Q1) Does it mean that despite the fact that the Brownian motion has no derivative, it has a $\frac{1}{2}-$derivative ?
Q2) More generally, I know that if $F$ has bounded variation, then it's derivable a.e. So if $f$ has $p$-bounded variation (i.e. $$\lim_{n\to \infty }\sum_{a\leq t_0<t_1<...< t_n\leq b}|f(t_{i+1})-f(t_i)|^p<\infty,$$ but not $q-$bounded variation for all $q<p$, would it make sense to say that $df$ repreent the $\frac{1}{p}-$derivative of $f$ ? (i.e. $df=(dt)^{\frac{1}{p}}$).

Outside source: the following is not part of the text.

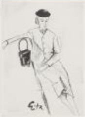
Women's Herringbone Suit with Bucket Bag (KA008601_OSx1_f02_03)
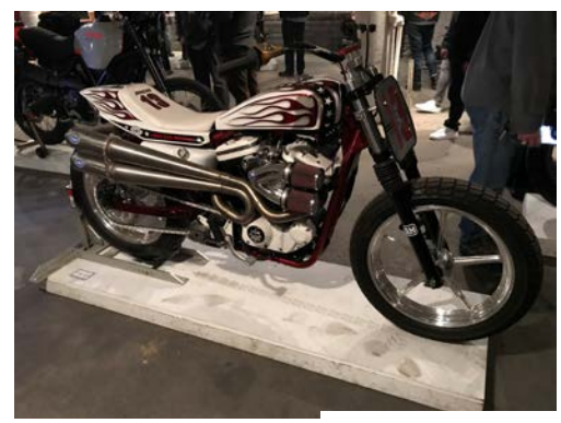
Amazing custom paint job on 1997 Harley-Davidson Sportster

Q3) Do you have an example of function that has quadric variation but is not of bounded variation on a compact set ? (in determinist case, i.e. not the Brownian motion).

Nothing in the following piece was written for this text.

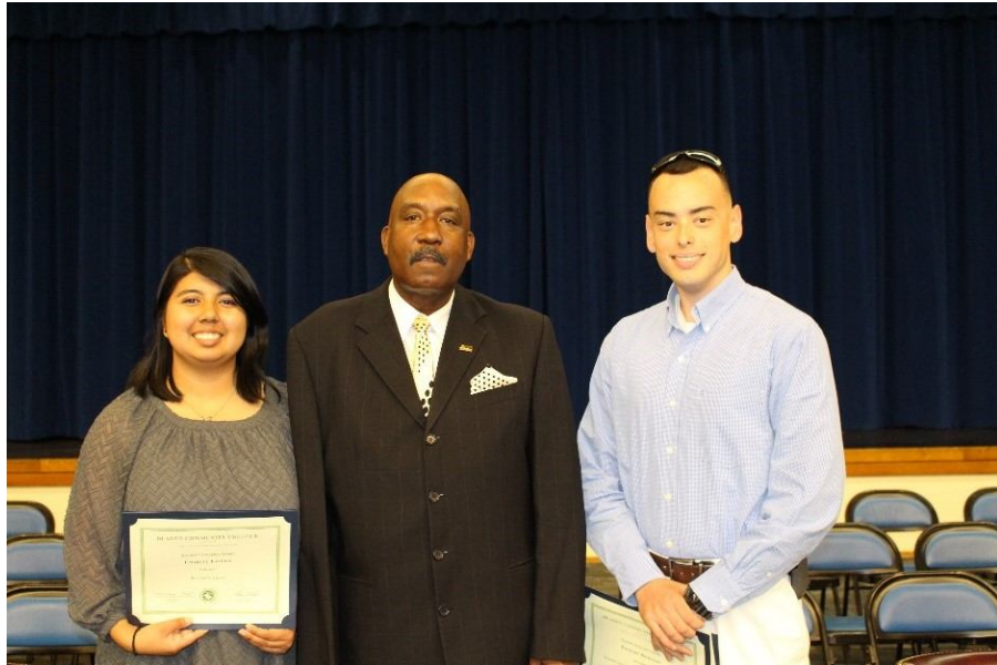
Spring 2017 Academic Awards Ceremony

I guess that in the definition of a function $f$ of bounded $p$-variation should be the condition $$\sup \sum_{a\leq t_0<t_1<...< t_n\leq b}|f(t_{i+1})-f(t_i)|^p<\infty.$$ At least so is for $p=1$. Also $f(t_i)$ should be defined for each $t_i$ in the sum. Below I’ll use this definition.

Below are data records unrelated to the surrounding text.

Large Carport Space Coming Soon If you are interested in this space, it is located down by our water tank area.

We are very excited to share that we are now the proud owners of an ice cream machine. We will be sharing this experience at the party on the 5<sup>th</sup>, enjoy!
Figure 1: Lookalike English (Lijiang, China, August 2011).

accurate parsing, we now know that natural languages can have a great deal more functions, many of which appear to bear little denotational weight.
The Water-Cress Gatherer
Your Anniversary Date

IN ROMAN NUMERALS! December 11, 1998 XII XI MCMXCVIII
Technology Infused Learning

Now about Q3. There exists a function $f$ continuous of $[0,1]$ such that variation of $f$ on $[0,1]$ is unbounded [LYB, p.338]. Namely, put $f(x)=x\cos\tfrac \pi{2x}$ for $0<x\le 1$ and $f(0)=0$. Given a natural $n$, put $$(t_0,t_1,\dots, t_k)=(0, \tfrac 1{2n},\tfrac 1{2n-1},\dots,\tfrac 12,1).$$ Then
$$\sum|f(t_{i+1})-f(t_i)|=1+\frac 12+\dots+\frac 1n\to\infty.$$
On the other hand, I conjectured that $2$-variation of $f$ on $[0,1]$ is bounded. I tried to prove this, but I found no easy way to do this. Maybe somebody will find it for this or an other similar function with unbounded variation.
References
[LYB] I. Lyashko, V. Yemel’yanov, O. Boyarchuk, Mathematical analysis, vol. 1, Kyiv, Vyshcha shkola, 1992 (in Ukrainian).